* What is required
Copying rule for the data below: pictures stay out, and only the lines from the one with "Сначала патруль взял" down to the one with "1. From the", inclusive, are repeated exactly.

Data records:
- Opening Delimiter -
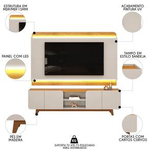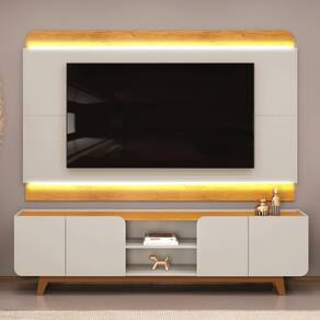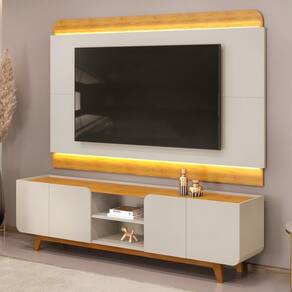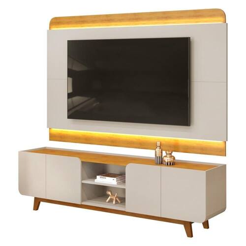 O painel complementa com maestria, exibindo abas e LED superior e inferior que emolduram o espaço da , com a aba superior arredondada adicionando um elemento decorativo sutil. Projetado para suportar até 40Kg, ele é ideal para TVs de até 75, assegurando diversão para toda a família. Com um design inteligente que inclui um tampo recuado em estilo bandeja e laterais que se estendem sobre ele, esta peça é a verdadeira definição de tendência e funcionalidade. Imagine suas noites de filme elevadas a um patamar com esta Bancada para Sala. As quatro portas convencionais com cantos curvos não são apenas estéticas, mas também dispensam o uso de puxadores, elas oferecem amplo espaço para todos os seus objetos essenciais. E para os amantes da tecnologia, há espaços dedicados para seus aparelhos eletrônicos, mantendo tudo organizado e facilmente acessível. Diga adeus à confusão de cabos! Com passa-fios inteligentemente integrados, que mantém a organização descomplicada. E não esqueçamos dos pés em madeira robusta que não só adicionam um charme rústico, mas também facilitam a limpeza e aumentam a durabilidade do seu Rack Bancada. Então, se você valoriza design, funcionalidade e durabilidade, esse conjunto é perfeito para sua casa. Prepare-se para receber elogios!
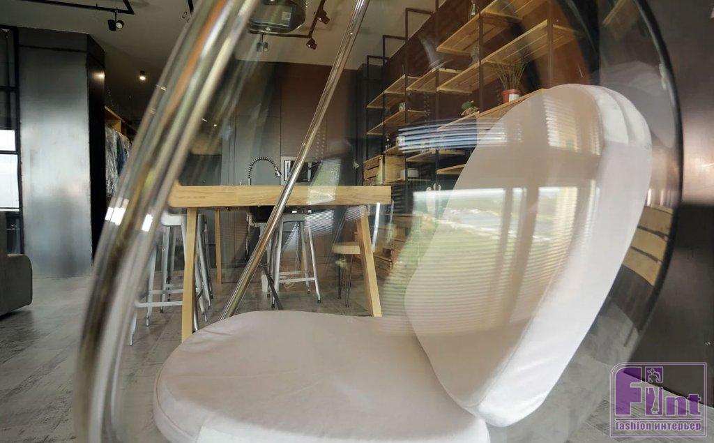 Интерьер имеет брутальный сильный характер благодаря тёмным цветам стен и мебели, бетону, кирпичу и натуральному дереву в отделке помещений. Все элементы этого интерьера говорят на языке промышленного стиля лофт. А лейтмотивом интерьера, в виде полунамёков, служит тема безграничного космоса. Квартира имеет двухстороннюю ориентацию. При входе взгляд устремляется на панораму города, которой хозяин теперь любуется по вечерам с бокалом вина в подвесном кресле на цепи. Как отмечает автор, контраст матовых чёрных поверхностей и подвесного кресла-пузыря подчёркивает эффект антигравитации. Мебель на ножках контрастирует с грубой отделкой стен из «тяжёлого» бетона. Холоднокатаная сталь в отделке колонн контрастирует с краснокирпичными стенами.
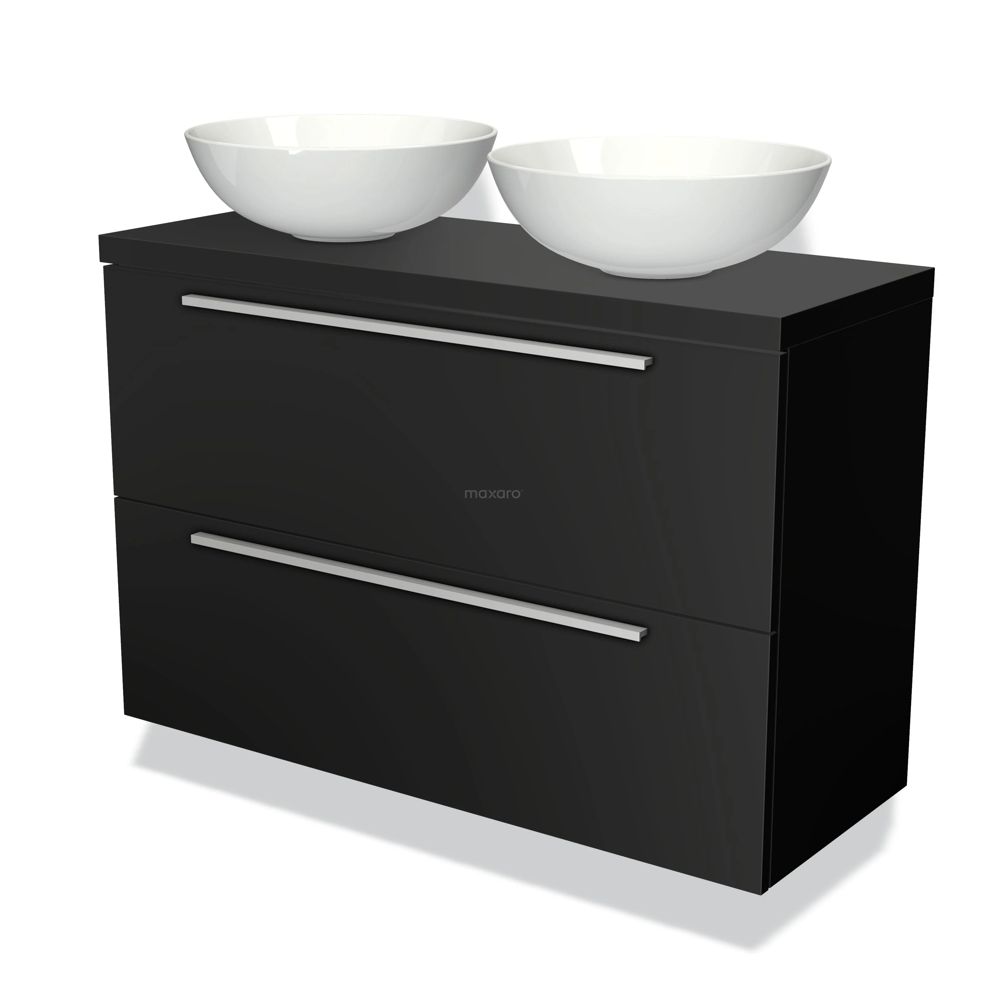 Modulo Plato Slim Badmöbel mit Aufsatzwaschbecken | 100 cm Matt Schwarz Flach front Matt Schwarz blatt 2 übereinanderliegende Schubladen
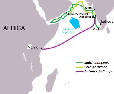 Сначала патруль взял курс на север, вдоль побережья, где захватывается большое торговое судно вблизи гуджаратского города Чол (сегодня Чол - руины в 60 км к югу от Бомбея; в 1508 г. египетские мамлюки, союзные султану Гуджарата, были побеждены португальцами в битве при Чоле; в 1521 г. начато строительство форта на южном берегу реки Кундалика; позже Чол стал частью Северной провинции Португальской Индии, которая к середине XVII в. протянулась на 200 км вдоль побережья к северу, до города Даман). После патруль уходит к Красному морю, чтобы заполучить больше наживы. Около 5 арабских торговых судов были захвачены этим патрулём весной 1503 г. в Аденском заливе. В конце апреля эскадра Содре встаёт на якорную стоянку у о-вов Курия-Мурия (5 гранитных островов в 40 км от побережья Омана), где позже в мае во время бури 2 "нау" с братьями Содре потерпели крушение (перед этим имел место конфликт между капитанами всвязи с дележом награбленного). В последствии 3 оставшихся корабля с Перо ди Атаиде (по прозвищу "Морской чёрт") в качестве нового выбранного командующего патрулём отправились обратным курсом в Индию. Этот обратный путь против ветров был тяжким и долгим. Разбитый патруль доковылял до стоянки на острове Анжедива где-то летом, через 4 дня там их встретила "потерянная" команда Антониу ду Кампу (пропустившая прошлогодний летний муссон в Малинди), они по-прежнему крепко стояли у Анжедивы, когда корабли Франсишку ди Альбукерке и Николау Коэлью (авангард "5-ой Индийской Армады") вышли туда в августе 1503 г.
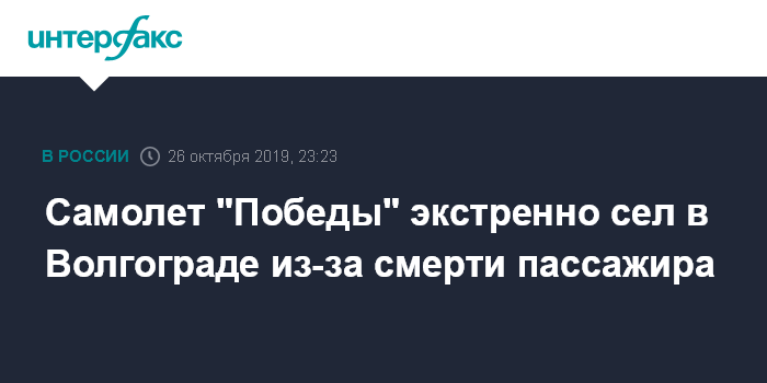 Москва. 26 октября. INTERFAX.RU - Самолет авиакомпании "Победа", летевший из Санкт-Петербурга во Владикавказ, экстренно приземлился в субботу в аэропорту Волгограда из-за смерти пассажира, сообщил в субботу агентству "Интерфакс" информированный источник.
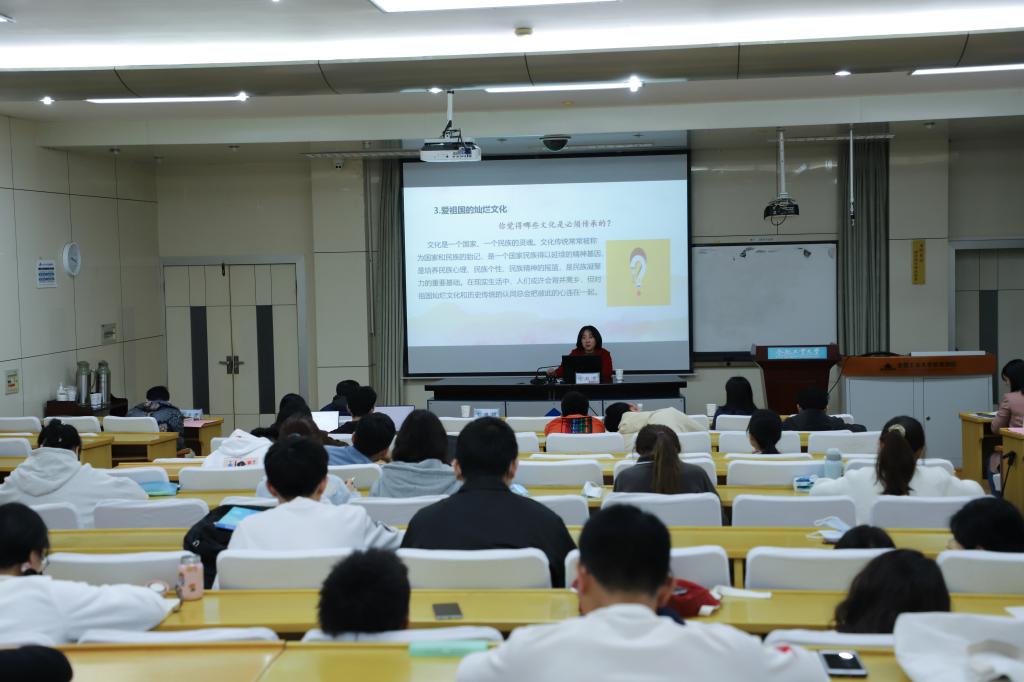开班仪式后,校团委副书记孙彩霞以“学团史、知团情,坚定不移跟党走”为题,为全体学员上了一堂高质量的团课。孙彩霞从团的基础概念入手,向学员们介绍了共青团的创立和发展、性质和职责等,结合历史发展与当前热点话题,重点围绕如何忠诚爱国,坚定不移跟党走展开讲授。她强调对于青年学生而言,爱国主义的内涵是爱祖国的大好河山,爱祖国的骨肉同胞,爱祖国的灿烂文化和爱自己的国家;新时代爱国主义要坚持爱党、爱国、爱社会主义相统一,要维护祖国统一和民族团结,要尊重中华民族的历史和文化,要坚持立足民族又面向世界;忠诚爱国坚定不移跟党走要维护和推进祖国统一,要促进民族团结、增强国家安全意识。
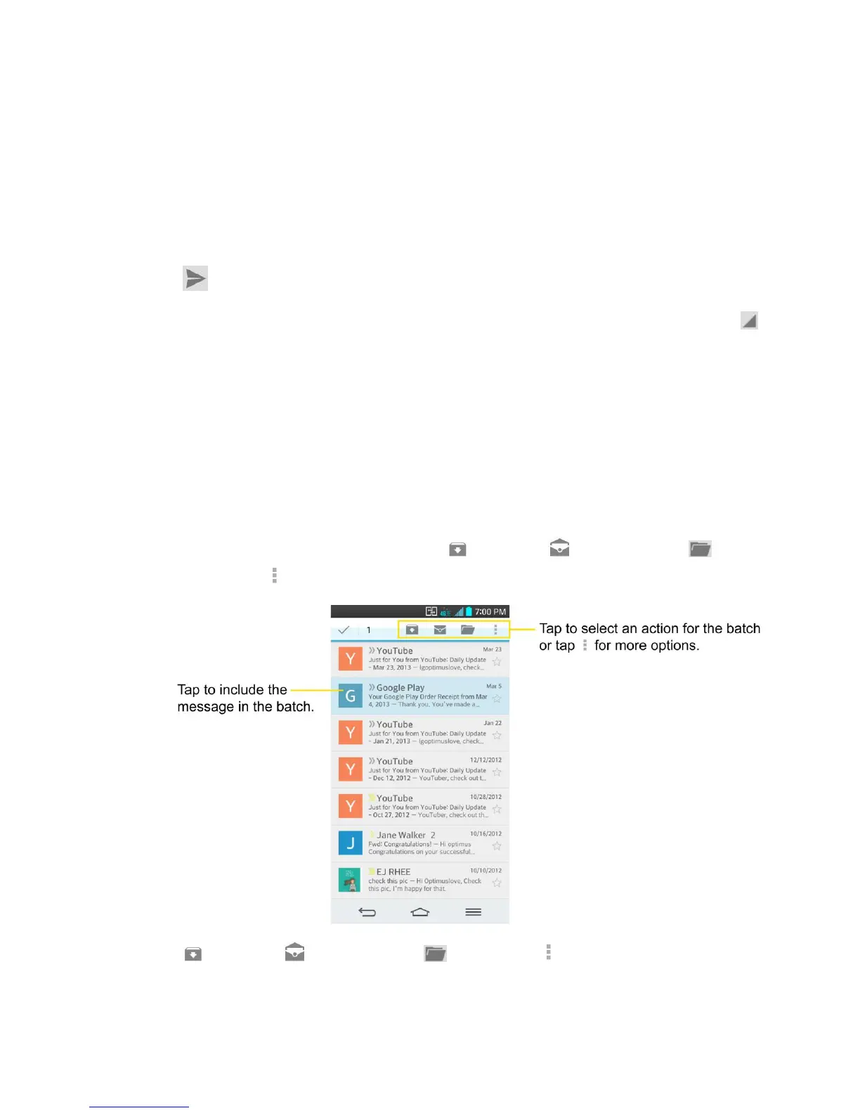 1. From the Inbox or another label, tap the letter or Contact photo to the left of each
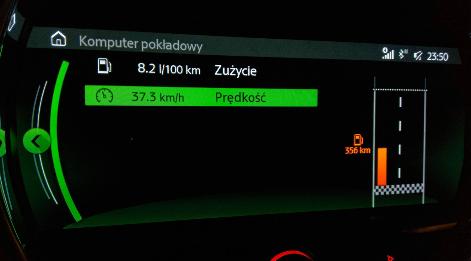 Muszę jednak wspomnieć o pewnym, dość dziwnym zachowaniu się systemów testowanego Mini. Testując nowoczesne samochody przyzwyczaiłem się już trochę, że są one wyposażone w coś w rodzaju asystenta jazdy w korku. Po prostu tempomat adaptacyjny reguluje prędkość w szerokim zakresie prędkości. Jeżeli więc jedziemy za jakimś pojazdem z włączonym tempomatem i pojazd poprzedzający zaczyna hamować, auto z adaptacyjnym tempomatem hamuje również. W wielu pojazdach to automatyczne wyhamowywanie odbywa się do pełnego zatrzymania, ale nie zawsze. Dlatego zawsze należy sprawdzać, w jakim zakresie prędkości dany system asystujący działa. W Mini opisywany system dopasowania prędkości na podstawie pomiaru radaru o zasięgu 120 metrów pracuje w zakresie prędkości od 30 km/h do 140 km/h. Zatem gdy prędkość spada poniżej 30 km/h Mini zamiast dalej hamować, wyświetla kierowcy ostrzeżenie że zbliża się do pojazdu i to człowiek powinien zareagować. Ot, taka niespodzianka i ważny powód do pełnej czujności.
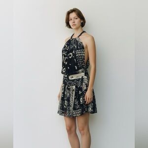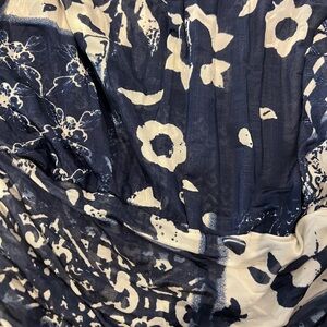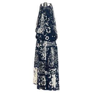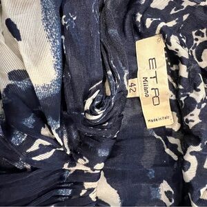 This is a preowned in mint condition, Etro bue and white halter neck midi dress with floral in size 42. Missing material tag, it is viscose / rayon frabic. It has a blouson bodice, a smocked ruched waist and a flowing pleated skirt. Measurement: Shoulder 15. " chest 34 " waist 26" length 44"
- Closing Delimiter -
* Solution to the problem
 Сначала патруль взял курс на север, вдоль побережья, где захватывается большое торговое судно вблизи гуджаратского города Чол (сегодня Чол - руины в 60 км к югу от Бомбея; в 1508 г. египетские мамлюки, союзные султану Гуджарата, были побеждены португальцами в битве при Чоле; в 1521 г. начато строительство форта на южном берегу реки Кундалика; позже Чол стал частью Северной провинции Португальской Индии, которая к середине XVII в. протянулась на 200 км вдоль побережья к северу, до города Даман). После патруль уходит к Красному морю, чтобы заполучить больше наживы. Около 5 арабских торговых судов были захвачены этим патрулём весной 1503 г. в Аденском заливе. В конце апреля эскадра Содре встаёт на якорную стоянку у о-вов Курия-Мурия (5 гранитных островов в 40 км от побережья Омана), где позже в мае во время бури 2 "нау" с братьями Содре потерпели крушение (перед этим имел место конфликт между капитанами всвязи с дележом награбленного). В последствии 3 оставшихся корабля с Перо ди Атаиде (по прозвищу "Морской чёрт") в качестве нового выбранного командующего патрулём отправились обратным курсом в Индию. Этот обратный путь против ветров был тяжким и долгим. Разбитый патруль доковылял до стоянки на острове Анжедива где-то летом, через 4 дня там их встретила "потерянная" команда Антониу ду Кампу (пропустившая прошлогодний летний муссон в Малинди), они по-прежнему крепко стояли у Анжедивы, когда корабли Франсишку ди Альбукерке и Николау Коэлью (авангард "5-ой Индийской Армады") вышли туда в августе 1503 г.
 Москва. 26 октября. INTERFAX.RU - Самолет авиакомпании "Победа", летевший из Санкт-Петербурга во Владикавказ, экстренно приземлился в субботу в аэропорту Волгограда из-за смерти пассажира, сообщил в субботу агентству "Интерфакс" информированный источник.
开班仪式后,校团委副书记孙彩霞以“学团史、知团情,坚定不移跟党走”为题,为全体学员上了一堂高质量的团课。孙彩霞从团的基础概念入手,向学员们介绍了共青团的创立和发展、性质和职责等,结合历史发展与当前热点话题,重点围绕如何忠诚爱国,坚定不移跟党走展开讲授。她强调对于青年学生而言,爱国主义的内涵是爱祖国的大好河山,爱祖国的骨肉同胞,爱祖国的灿烂文化和爱自己的国家;新时代爱国主义要坚持爱党、爱国、爱社会主义相统一,要维护祖国统一和民族团结,要尊重中华民族的历史和文化,要坚持立足民族又面向世界;忠诚爱国坚定不移跟党走要维护和推进祖国统一,要促进民族团结、增强国家安全意识。
 1. From the Inbox or another label, tap the letter or Contact photo to the left of each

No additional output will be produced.